Provided by Greg Appel
Categories Other Salads
Time 15m
Number Of Ingredients 5
Steps:
- 1. Plate your Wakame Salad, divided between 2-4 appt Sliced desired amount of grilled octopus, add to plate Dice cucumber, add to plate Sprinkle with both the rice seasoning and sesame seeds Serve Enjoy
Tips:
- Use fresh octopus: Fresh octopus has a more tender texture and a milder flavor than frozen octopus.
- Tenderize the octopus: There are a few ways to tenderize octopus, including boiling, braising, and marinating. Boiling is the most common method, but braising and marinating can also produce tender results.
- Don't overcook the octopus: Octopus is a delicate seafood, so it's important not to overcook it. Otherwise, it will become tough and chewy.
- Use a high-quality olive oil: Olive oil is a key ingredient in this dish, so it's important to use a good-quality oil. Look for an extra virgin olive oil that has a fruity flavor and a peppery finish.
- Use fresh herbs: Fresh herbs, such as parsley, cilantro, and basil, add a bright, vibrant flavor to this dish. If you don't have fresh herbs on hand, you can use dried herbs, but be sure to use less, as they have a more concentrated flavor.

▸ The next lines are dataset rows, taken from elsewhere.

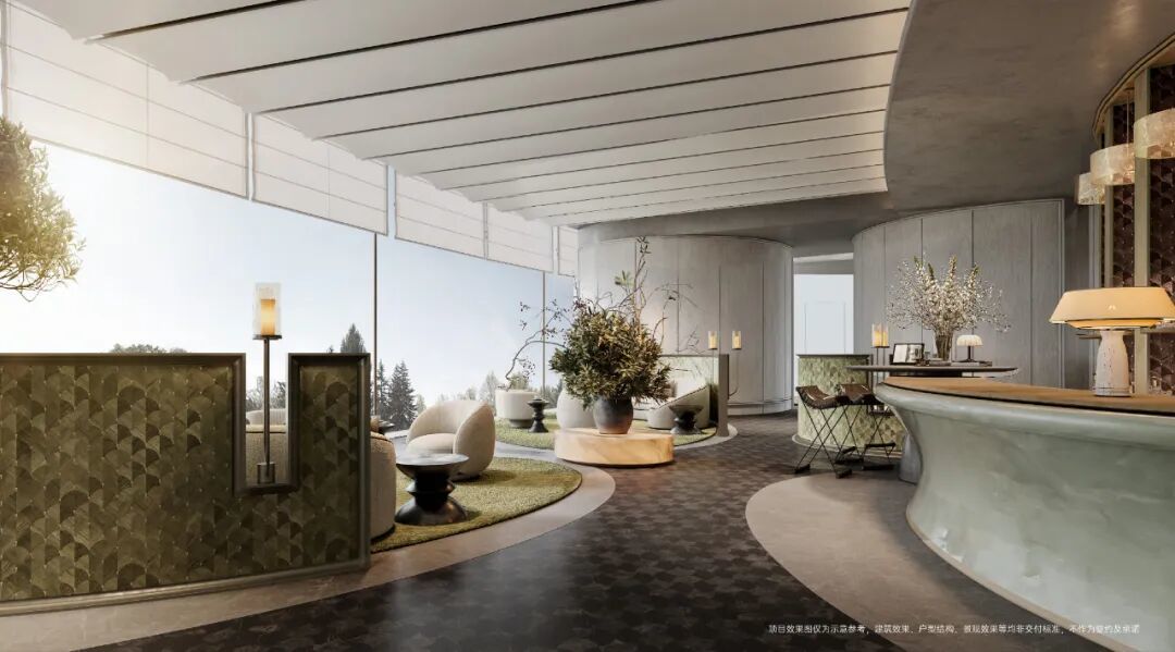 米色石材与金沙绿琉璃为主材精妙搭配,且融合屏风、折扇、云锦、琉璃等南京文化符号,呈现国际东方的归家美学。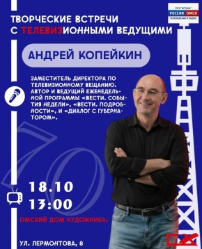 Мы рады пригласить вас на творческую встречу с телевизионными ведущими ГТРК «Иртыш», которая пройдет в Омском Доме художника!18 октября в 13:00 вы сможете пообщаться с популярными ведущими Андреем Копейкиным и Еленой Беляевой.По всем...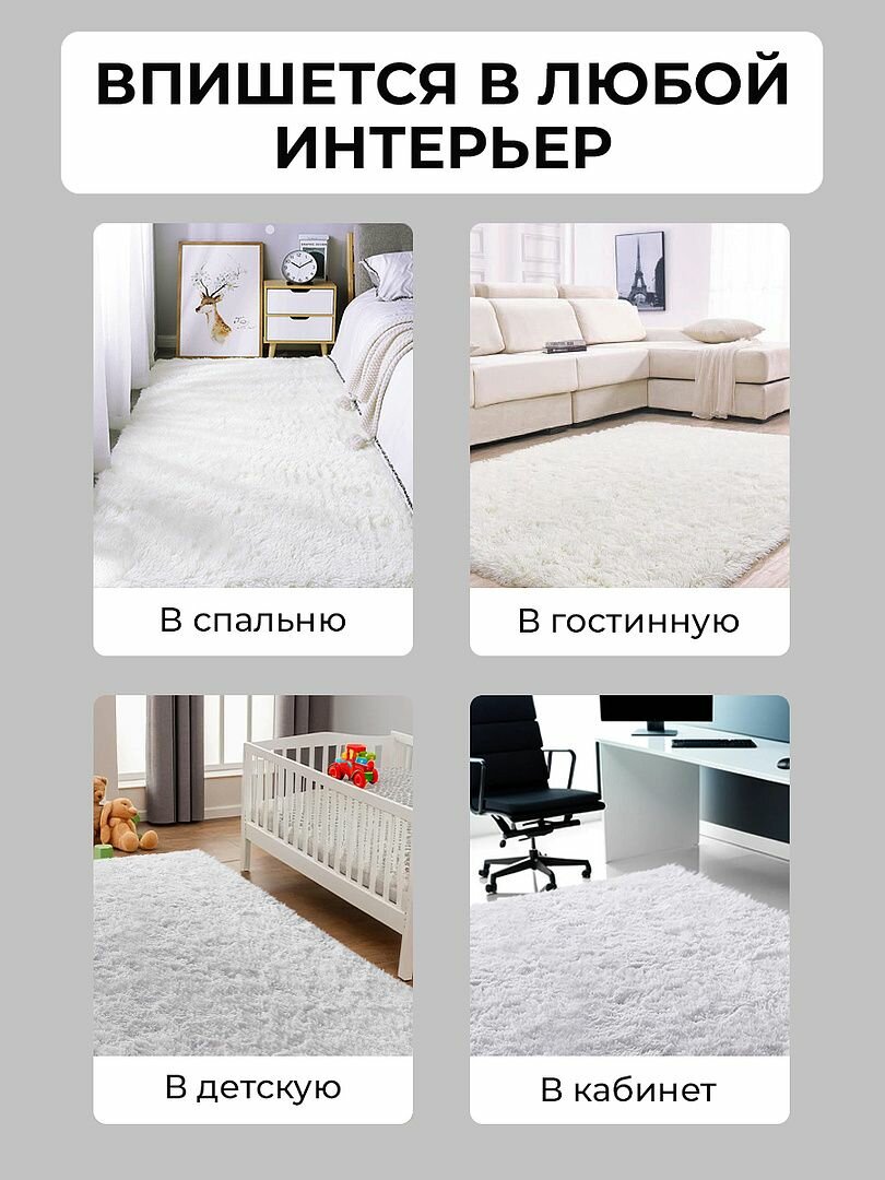 Купить Ковер на пол с ворсом Classmark комнатный, пушистый, 160х200 см, материал изделия 100% полиэстер, основа коврика ПВХ, мягкий и антискользящий, белый

- Serve the octopus salad immediately: This dish is best served immediately, while the octopus is still warm. However, you can also make it ahead of time and reheat it gently before serving.
Conclusion:
Grilled octopus seaweed salad is a delicious and healthy seafood dish that's perfect for a summer meal. The octopus is tender and flavorful, and the seaweed salad adds a refreshing, briny flavor. This dish is also relatively easy to make, so it's a great option for beginner cooks. If you're looking for a new and exciting seafood dish to try, grilled octopus seaweed salad is a great choice.